* **What is required**
Start the copy at the line containing "四川地区麻鸡/黄花公价格走势图(来源:鸡病专业网)" and run it through the last line of the records. Repeat each line exactly; omit pictures.

* **Given data**
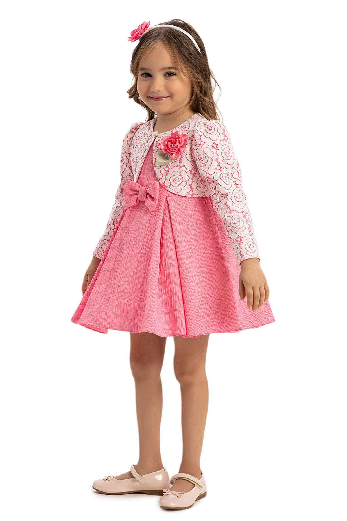 Baby Dress with Lace Bolero and Hair Accessory (6-24 Months):
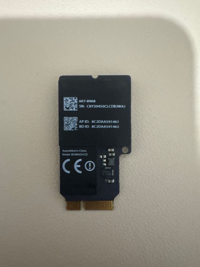 Vendo tarjeta inalámbrica para iMac A1418 y A1419 de Apple. Está en buenas condiciones. - Modelo BCM94331CD / 607-8968 - Incluye 1 tarjeta.
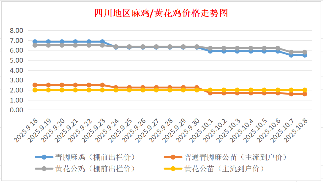 四川地区麻鸡/黄花公价格走势图(来源:鸡病专业网)
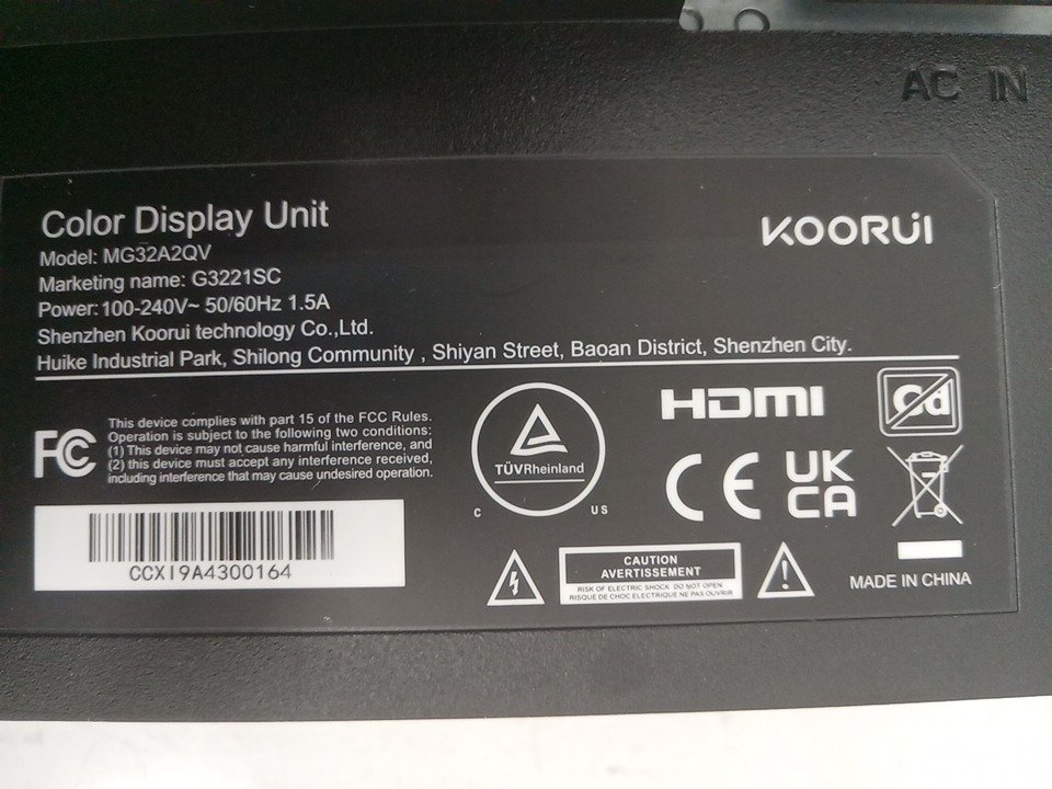 KOORUI QHD 31.5" Curved Computer Gaming Monitor, 2560 x 1440 qhd, 1500R, 170hz - blACK - (MODEL:MG32A2QV)
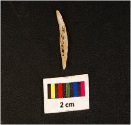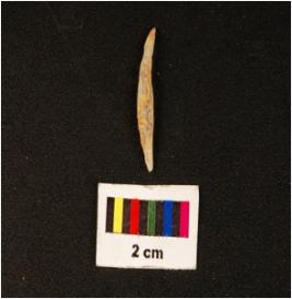 | Description / विवरण | Pen knife shaped chalcedony blade, two-ridges on dorsal, flat ventral pointed distal end and use wear edges. |
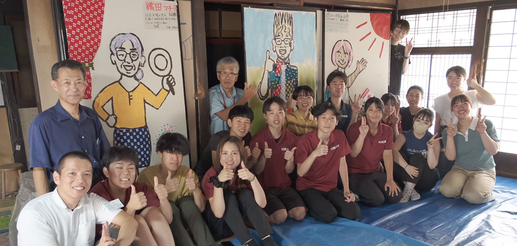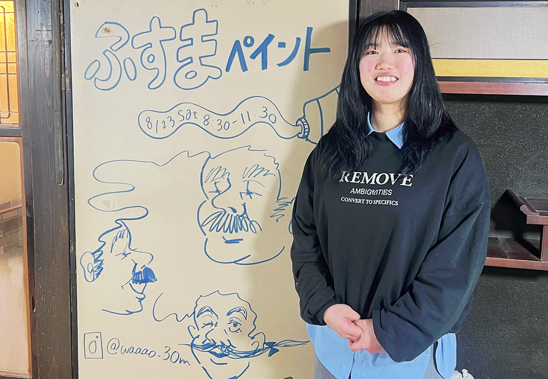 解放日やワークショップは、長期休暇や帰省に合わせて行っています。村岡高校の地域づくりの授業にYORUのワークショップを組み込んでもらったり、地域の祭りへの参加、イベントの開催場所に選んでもらったりと、約月1回のペースで活動をしてきました。そして昨年8月23日には、「ふすまペイント」というYORUの修繕を兼ねたワークショップを開催しました。

* **Solution to the problem**
 四川地区麻鸡/黄花公价格走势图(来源:鸡病专业网)
 KOORUI QHD 31.5" Curved Computer Gaming Monitor, 2560 x 1440 qhd, 1500R, 170hz - blACK - (MODEL:MG32A2QV)
 | Description / विवरण | Pen knife shaped chalcedony blade, two-ridges on dorsal, flat ventral pointed distal end and use wear edges. |
 解放日やワークショップは、長期休暇や帰省に合わせて行っています。村岡高校の地域づくりの授業にYORUのワークショップを組み込んでもらったり、地域の祭りへの参加、イベントの開催場所に選んでもらったりと、約月1回のペースで活動をしてきました。そして昨年8月23日には、「ふすまペイント」というYORUの修繕を兼ねたワークショップを開催しました。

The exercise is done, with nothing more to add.